Voor een beter verstaan heeft ze zich verdiept in de tijd en omstandigheden waarin Jezus leefde en het christendom geboren werd. Het blijkt allemaal minder eenduidig geweest te zijn dan in kerken graag wordt voorgesteld en bovendien zijn er tal van stemmen verloren gegaan van wie er in onze tijd dan toch weer enkele klinken, zoals het evangelie van Thomas dat ze als een zuivere bron verwelkomt.

Ook maakt Avilova gebruik van verschillende vertalingen en kiest voor woorden die ‘resoneren in haar bewustzijn’. Waar de Nieuwe Bijbelvertaling Jezus laat zeggen: ‘het Koninkrijk van God ligt binnen uw bereik’ geeft zij de voorkeur aan de Herziene Statenvertaling: ‘het Koninkrijk van God is binnen in u’. Deze keuze is exemplarisch voor haar verstaan van Jezus’ woorden.

Boeiend is hoe ze bij haar lezing van het Evangelie komt tot de essentie.

  1. Een eerste, ruwe selectie van teksten die haar aanspreken.
  2. Een nadere selectie van teksten die dieper binnenkomen.
  3. De essentiële selectie van die paar teksten die ze als het wezen van het Evangelie ervaart.

De opgenomen selectie van teksten uit de vier Bijbelse evangeliën en dat van Thomas geven een inspirerend beeld van haar werkwijze.

Als kern van Jezus’ woorden wijst Avilova het Grote Gebod van de liefde aan.

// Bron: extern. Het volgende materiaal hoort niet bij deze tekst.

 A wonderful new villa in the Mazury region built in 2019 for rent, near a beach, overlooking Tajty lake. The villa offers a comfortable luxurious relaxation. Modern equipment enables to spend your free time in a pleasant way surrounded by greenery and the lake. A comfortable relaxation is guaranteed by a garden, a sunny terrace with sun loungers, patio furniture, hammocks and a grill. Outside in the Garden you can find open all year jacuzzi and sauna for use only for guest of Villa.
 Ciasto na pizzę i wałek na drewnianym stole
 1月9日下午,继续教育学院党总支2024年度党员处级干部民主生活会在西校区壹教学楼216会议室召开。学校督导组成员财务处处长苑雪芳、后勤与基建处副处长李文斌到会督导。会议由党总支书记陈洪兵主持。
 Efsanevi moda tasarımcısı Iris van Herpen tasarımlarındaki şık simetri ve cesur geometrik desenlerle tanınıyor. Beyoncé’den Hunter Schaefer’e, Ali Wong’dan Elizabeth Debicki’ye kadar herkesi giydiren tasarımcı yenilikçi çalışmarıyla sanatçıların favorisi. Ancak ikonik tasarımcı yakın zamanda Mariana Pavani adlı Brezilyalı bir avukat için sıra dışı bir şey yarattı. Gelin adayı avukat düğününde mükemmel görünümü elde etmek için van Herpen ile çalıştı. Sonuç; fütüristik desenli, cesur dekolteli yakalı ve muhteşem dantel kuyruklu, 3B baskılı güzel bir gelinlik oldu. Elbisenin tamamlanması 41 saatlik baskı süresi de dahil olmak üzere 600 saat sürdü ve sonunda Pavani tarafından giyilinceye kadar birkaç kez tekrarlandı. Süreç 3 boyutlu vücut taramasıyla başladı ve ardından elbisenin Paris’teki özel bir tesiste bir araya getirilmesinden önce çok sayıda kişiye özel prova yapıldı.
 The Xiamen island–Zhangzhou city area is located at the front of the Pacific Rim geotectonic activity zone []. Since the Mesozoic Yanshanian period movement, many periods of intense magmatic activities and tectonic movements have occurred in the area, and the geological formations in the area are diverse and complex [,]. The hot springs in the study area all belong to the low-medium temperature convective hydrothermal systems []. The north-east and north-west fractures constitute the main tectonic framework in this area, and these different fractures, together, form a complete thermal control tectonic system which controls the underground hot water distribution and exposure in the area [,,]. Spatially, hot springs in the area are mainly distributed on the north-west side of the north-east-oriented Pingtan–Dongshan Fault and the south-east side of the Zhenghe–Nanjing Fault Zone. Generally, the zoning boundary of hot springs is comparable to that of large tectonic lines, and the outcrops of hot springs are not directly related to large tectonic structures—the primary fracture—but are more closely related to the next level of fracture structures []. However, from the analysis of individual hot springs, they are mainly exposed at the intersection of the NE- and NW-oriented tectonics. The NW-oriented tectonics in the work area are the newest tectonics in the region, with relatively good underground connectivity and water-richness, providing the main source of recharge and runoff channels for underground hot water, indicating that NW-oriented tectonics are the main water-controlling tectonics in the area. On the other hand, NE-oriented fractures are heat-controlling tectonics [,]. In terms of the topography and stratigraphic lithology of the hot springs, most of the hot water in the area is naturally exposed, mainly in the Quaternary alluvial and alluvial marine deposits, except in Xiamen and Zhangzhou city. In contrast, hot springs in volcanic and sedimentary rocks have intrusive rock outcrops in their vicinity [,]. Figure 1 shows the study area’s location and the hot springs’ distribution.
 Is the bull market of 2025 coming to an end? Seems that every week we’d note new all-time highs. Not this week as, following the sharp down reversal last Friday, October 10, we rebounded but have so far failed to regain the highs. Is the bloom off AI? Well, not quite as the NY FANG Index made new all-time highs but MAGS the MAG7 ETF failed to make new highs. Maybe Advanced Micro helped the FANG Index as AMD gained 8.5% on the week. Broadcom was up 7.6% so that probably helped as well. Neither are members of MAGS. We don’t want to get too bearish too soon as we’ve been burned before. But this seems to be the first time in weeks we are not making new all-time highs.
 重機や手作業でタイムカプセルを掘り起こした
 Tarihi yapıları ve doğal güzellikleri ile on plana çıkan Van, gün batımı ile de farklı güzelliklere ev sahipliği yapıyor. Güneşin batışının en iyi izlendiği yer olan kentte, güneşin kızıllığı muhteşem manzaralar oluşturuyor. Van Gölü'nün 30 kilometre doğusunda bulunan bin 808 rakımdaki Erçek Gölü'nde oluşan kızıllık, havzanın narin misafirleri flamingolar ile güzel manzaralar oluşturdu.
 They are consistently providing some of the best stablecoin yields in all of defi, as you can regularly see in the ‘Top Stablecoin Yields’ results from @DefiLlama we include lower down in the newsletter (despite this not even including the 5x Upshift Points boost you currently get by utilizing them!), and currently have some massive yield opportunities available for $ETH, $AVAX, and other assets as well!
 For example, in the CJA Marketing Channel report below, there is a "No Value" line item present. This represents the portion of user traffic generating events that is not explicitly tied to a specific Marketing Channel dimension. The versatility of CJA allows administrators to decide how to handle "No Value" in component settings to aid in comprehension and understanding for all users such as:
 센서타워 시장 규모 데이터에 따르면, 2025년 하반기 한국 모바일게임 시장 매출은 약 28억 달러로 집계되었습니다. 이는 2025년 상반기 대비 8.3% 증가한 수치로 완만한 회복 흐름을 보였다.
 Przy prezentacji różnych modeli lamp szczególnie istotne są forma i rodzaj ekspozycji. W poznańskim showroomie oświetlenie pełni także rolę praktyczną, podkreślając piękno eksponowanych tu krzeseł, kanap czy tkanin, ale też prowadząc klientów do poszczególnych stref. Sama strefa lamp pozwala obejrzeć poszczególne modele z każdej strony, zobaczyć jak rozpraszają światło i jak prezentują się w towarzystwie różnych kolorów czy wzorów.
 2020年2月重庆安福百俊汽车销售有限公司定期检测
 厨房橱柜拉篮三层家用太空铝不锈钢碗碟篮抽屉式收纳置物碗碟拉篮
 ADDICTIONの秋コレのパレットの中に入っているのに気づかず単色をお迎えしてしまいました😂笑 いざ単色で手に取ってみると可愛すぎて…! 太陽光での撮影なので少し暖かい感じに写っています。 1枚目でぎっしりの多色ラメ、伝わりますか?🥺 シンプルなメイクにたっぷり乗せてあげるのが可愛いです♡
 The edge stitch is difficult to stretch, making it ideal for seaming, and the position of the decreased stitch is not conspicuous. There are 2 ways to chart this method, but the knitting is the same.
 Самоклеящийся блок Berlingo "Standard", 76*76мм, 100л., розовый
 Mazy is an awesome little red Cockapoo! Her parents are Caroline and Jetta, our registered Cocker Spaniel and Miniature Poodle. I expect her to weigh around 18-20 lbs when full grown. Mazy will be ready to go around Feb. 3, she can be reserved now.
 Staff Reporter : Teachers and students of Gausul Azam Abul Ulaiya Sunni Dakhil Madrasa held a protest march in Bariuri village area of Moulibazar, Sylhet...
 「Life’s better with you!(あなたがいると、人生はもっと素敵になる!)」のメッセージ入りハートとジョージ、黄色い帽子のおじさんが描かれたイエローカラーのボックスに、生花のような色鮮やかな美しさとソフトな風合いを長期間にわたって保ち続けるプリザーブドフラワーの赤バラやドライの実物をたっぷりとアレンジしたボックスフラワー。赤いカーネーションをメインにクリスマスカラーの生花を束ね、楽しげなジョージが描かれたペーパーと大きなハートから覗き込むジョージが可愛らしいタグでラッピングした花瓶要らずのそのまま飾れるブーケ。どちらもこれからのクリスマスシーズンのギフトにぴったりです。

Dat mag weinig verrassend lijken maar zoals in het hele boek laat ze ook deze woorden doordringen tot in de haarvaten van haar bewustzijn en existentie: wat valt er te zeggen over liefde wanneer je getraumatiseerd bent door het geweld van een psychisch gestoorde man? Het overkwam een vriendin van haar en Avilova worstelt liever met deze vraag dan dat ze vervalt tot een goedkoop antwoord.

Een minpunt is dat Avilova het antagonistische spreken van Johannes over Jezus ‘en de Joden’, dat voor zoveel ellende gezorgd heeft, zonder commentaar overneemt. Zo vertelt ze dat het offeren in het jodendom tot de belangrijkste godsdienstige handelingen behoorde, maar dat voor Jezus iets anders op de eerste plaats kwam: ‘Overdenk eens goed wat dit wil zeggen: ‘Barmhartigheid wil ik, geen offers’’.  Ze vermeldt echter niet dat deze visie op het offer reeds lang vóór Jezus en binnen het jodendom geformuleerd was.

Wanneer deze omissie in een volgende druk wordt rechtgezet, zal ik dit warme en oprecht geschreven boek nog meer dan ik nu al doe, van harte aanbevelen. Aan seculieren die menen dat de Bijbel hen toch niets te zeggen heeft. Aan gelovigen die menen toch al te weten wat het Oude Boek hen zegt. Aan iedereen die oprecht werk maakt van de grote vragen van het leven.